Taking the line with "그 외에 한부모자격정보, 기초자격정보, 차상위" as the first and the line with "Seria obiegowa na" as the last, set down the lines below exactly, pictures excluded.

▶ Records for this exercise
☆ ☆ ☆ ☆ ☆ ☆ ☆

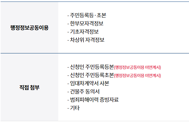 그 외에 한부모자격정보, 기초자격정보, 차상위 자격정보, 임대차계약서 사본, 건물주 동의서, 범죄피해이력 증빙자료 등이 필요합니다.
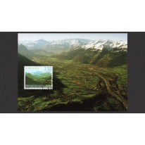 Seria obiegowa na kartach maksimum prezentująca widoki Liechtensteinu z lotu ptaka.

☆ ☆ ☆ ☆ ☆ ☆ ☆

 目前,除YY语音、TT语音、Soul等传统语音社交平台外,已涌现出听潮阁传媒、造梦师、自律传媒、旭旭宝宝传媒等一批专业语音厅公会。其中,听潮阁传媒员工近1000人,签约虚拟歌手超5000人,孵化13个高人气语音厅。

☆ ☆ ☆ ☆ ☆ ☆ ☆

▶ Output
 그 외에 한부모자격정보, 기초자격정보, 차상위 자격정보, 임대차계약서 사본, 건물주 동의서, 범죄피해이력 증빙자료 등이 필요합니다.
 Seria obiegowa na kartach maksimum prezentująca widoki Liechtensteinu z lotu ptaka.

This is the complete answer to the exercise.